I like her coloring and the cut. My little guy rolls around after a bath and snorts like a pig, lol.


----------



## Skye (Feb 19, 2010)

Esme looks so pretty! That is wonderful that you found a groomer that you are happy with. And, it's an extra special "bonus" that they treated her so well, and really went out of their way to make her comfortable!


----------



## LEUllman (Feb 1, 2010)

So nice to read about a positive grooming experience! Esme looks great. (I love her name, too!)


----------



## fjm (Jun 4, 2010)

It sounds as if this is a business that really deserves to succeed - and what a bonus to have them so close to you. She looks so pretty.


----------



## Camille (Feb 3, 2011)

Their deffinetly amazing. I want my groomer to be able to do a good job on esme but even more important to me is that i want their priority to be making this the most positive experience possible with my dog. She is timid enough as it is without having her traumatized lol. 
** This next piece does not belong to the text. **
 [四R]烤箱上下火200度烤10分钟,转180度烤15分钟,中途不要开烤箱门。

im seeing a big improvement in her though. Im starting to take her out to our park(Its not a dog park just a regular one, its encased in a wall of snow right now eccept for two exits) and drop the leash and let her run and play in the snow. she got to sniff some people and dogs today and she did so well. anytime i told her to come she wouldn't even hesitate to run to me, even with another dog in sight. She loved chasing snowballs. The only downside was that i had to blowdry her once i got home lol. But shes even getting really good with that. I always end it with her meal.


----------



## Purley (May 21, 2010)

Do you have any more photos of her face? I am wondering what they used on her face because while it looks fairly short, it doesn't appear to be as short as the face on lots of poodles. I don't like shaved faces. I think in the summer I would be happy to have Lucy's face just like Esme's.
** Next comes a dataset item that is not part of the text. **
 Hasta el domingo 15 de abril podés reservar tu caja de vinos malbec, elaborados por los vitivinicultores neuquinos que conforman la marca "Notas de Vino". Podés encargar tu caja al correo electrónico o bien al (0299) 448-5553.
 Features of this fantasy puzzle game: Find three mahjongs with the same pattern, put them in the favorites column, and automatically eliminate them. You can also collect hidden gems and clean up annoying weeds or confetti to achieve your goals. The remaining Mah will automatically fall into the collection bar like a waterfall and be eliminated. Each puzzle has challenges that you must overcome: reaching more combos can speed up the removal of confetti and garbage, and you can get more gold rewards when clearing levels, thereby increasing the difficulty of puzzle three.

Can you tell me what they did her face with?


----------



## Camille (Feb 3, 2011)

Purley said:


> Do you have any more photos of her face? I am wondering what they used on her face because while it looks fairly short, it doesn't appear to be as short as the face on lots of poodles. I don't like shaved faces. I think in the summer I would be happy to have Lucy's face just like Esme's.
> 
> Can you tell me what they did her face with?


I dont know what they used but her nose is shaved very close to the skin. Next time i bring her in i can ask them.


----------